## Activity
Begin at the first line of the data and copy each line through the one containing "在日化行业上市企业中珀莱雅、", that line included, with no pictures.

## Supplied data
⟨
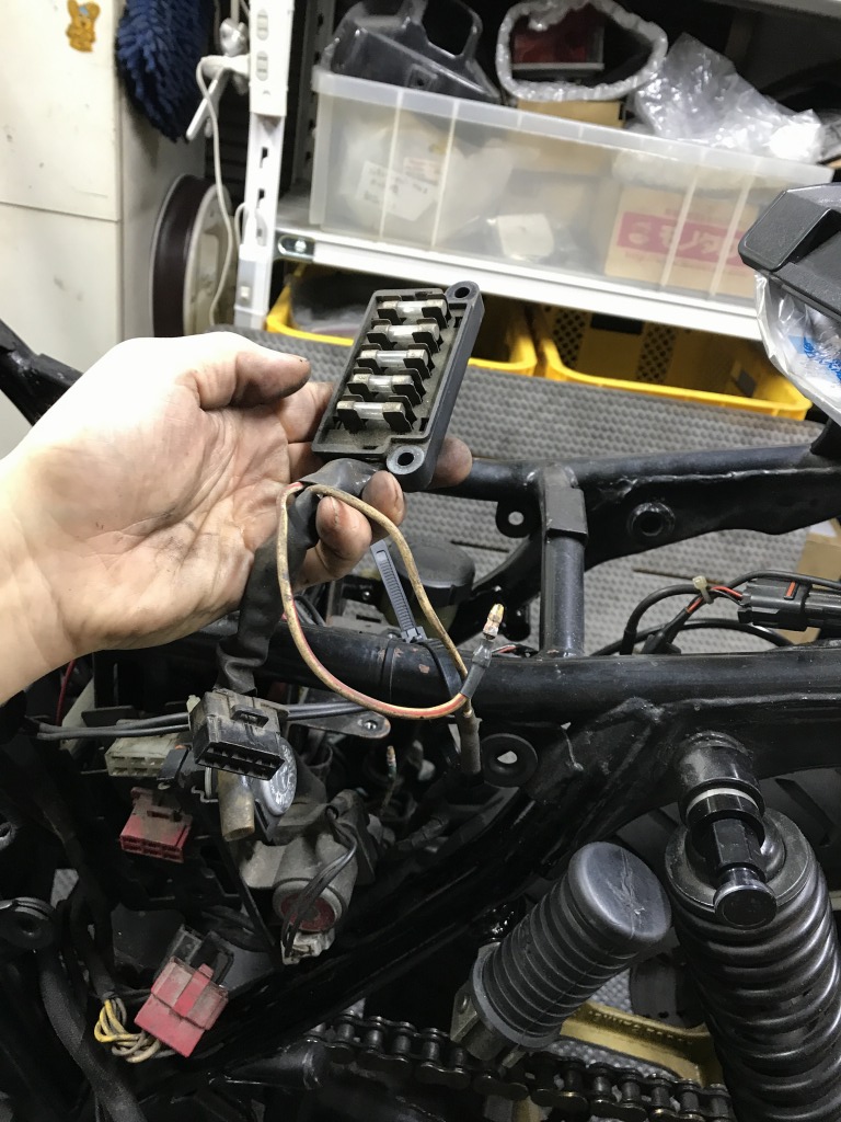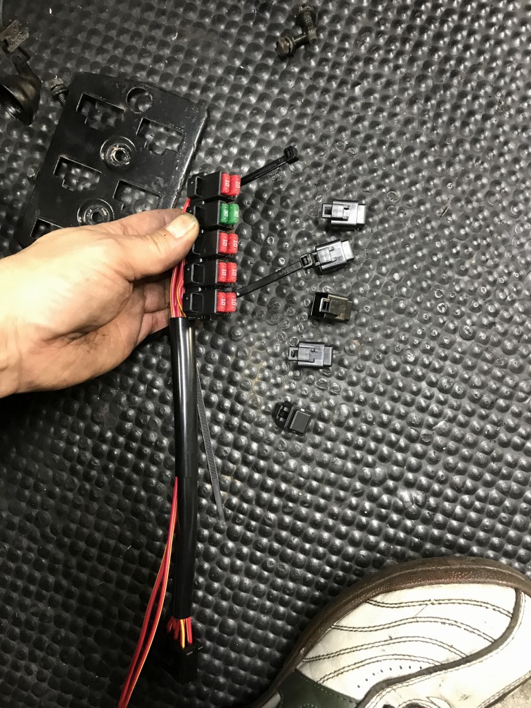 カプラーパネルを分解し、ヒューズBOXを組み込みます。外したカプラーの端子には、全て接点復活スプレーを塗布しておきます。
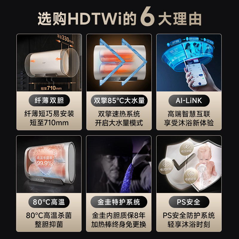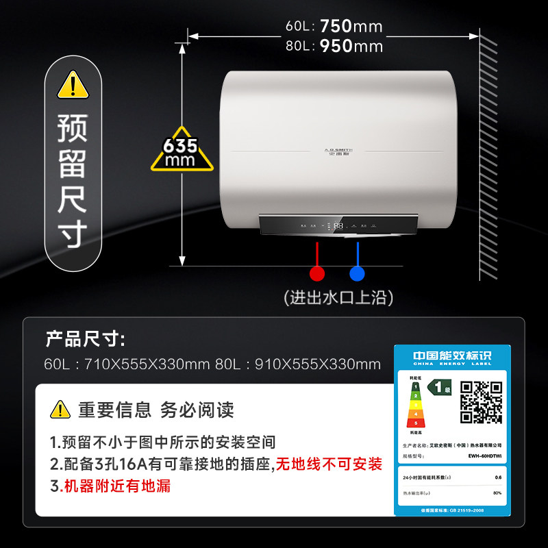 国补AO史密斯电热水器60/80升MS纤薄双胆智能超薄节能卫生间家用
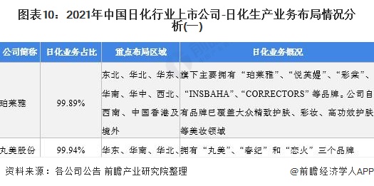 在日化行业上市企业中珀莱雅、丸美股份、水羊股份、上海家化、拉芳家化、名臣健康、两面针等企业日化业务占比较多,且业务覆盖范围较广。
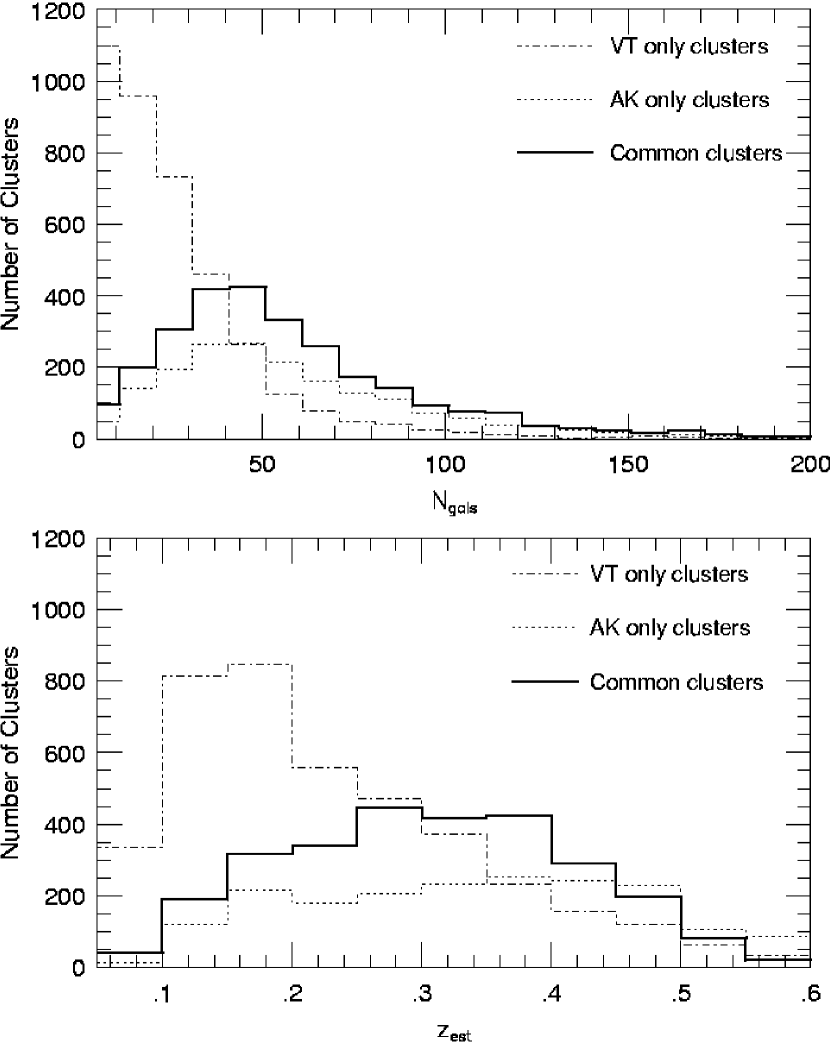 In Figure 15 we show the richness distribution for the VT and AK cluster candidates for different redshift bins. The top panel shows the richness distribution for the entire sample. Further considerations related to redshift and richness estimates are discussed in section 8, where we compare the current catalog to the previous NoSOCS cluster catalog and to other surveys.
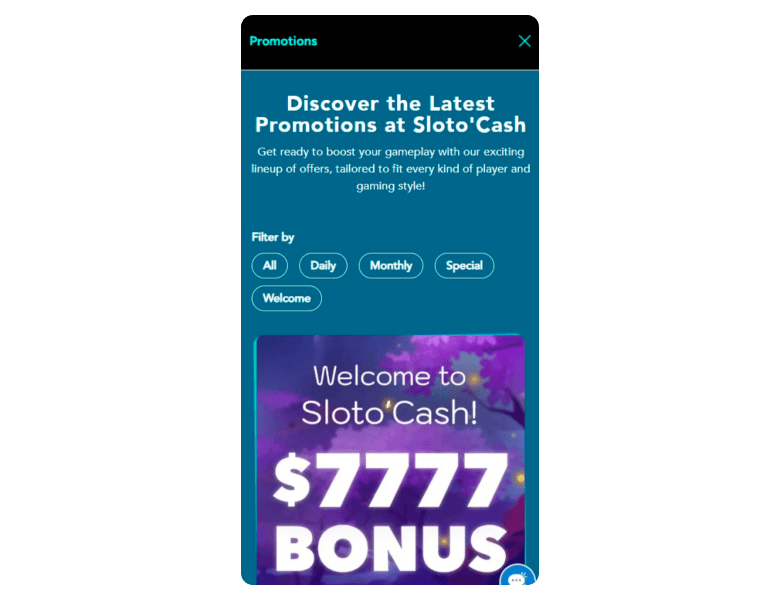 Your $7,777 Welcome Bonus. Sloto Cash casino offers one of the best welcome bonuses ever, adding up to 7,777 USD in free bonus money, plus 300 free spins on a designate online slot machine. This fantastic welcome bonus package begins when you make your first real money deposit, and you receive a 200% bonus up to 2000 USD in bonus money, plus 100 free spins for the slots. There are even more bonuses and free spins after your second, third, fourth, and fifth deposits. It can all add up to $7,777 in bonuses and 300 free spins, and that is truly a Wonderful Welcome Bonus Package. As long as you remain a Sloto Cash casino client, you can enjoy the $1,000 Free Casino Games Bonus, 400% Highroller Bonus, the $7 online slots real money no deposit bonus, and the 25% Cashback Bonus! For more information on bonuses and promotions, keep your eye on the Promotion page to see what treats SlotoCash casino offers every month for their customers.
⟩
## Solution
 カプラーパネルを分解し、ヒューズBOXを組み込みます。外したカプラーの端子には、全て接点復活スプレーを塗布しておきます。
 国补AO史密斯电热水器60/80升MS纤薄双胆智能超薄节能卫生间家用
 在日化行业上市企业中珀莱雅、丸美股份、水羊股份、上海家化、拉芳家化、名臣健康、两面针等企业日化业务占比较多,且业务覆盖范围较广。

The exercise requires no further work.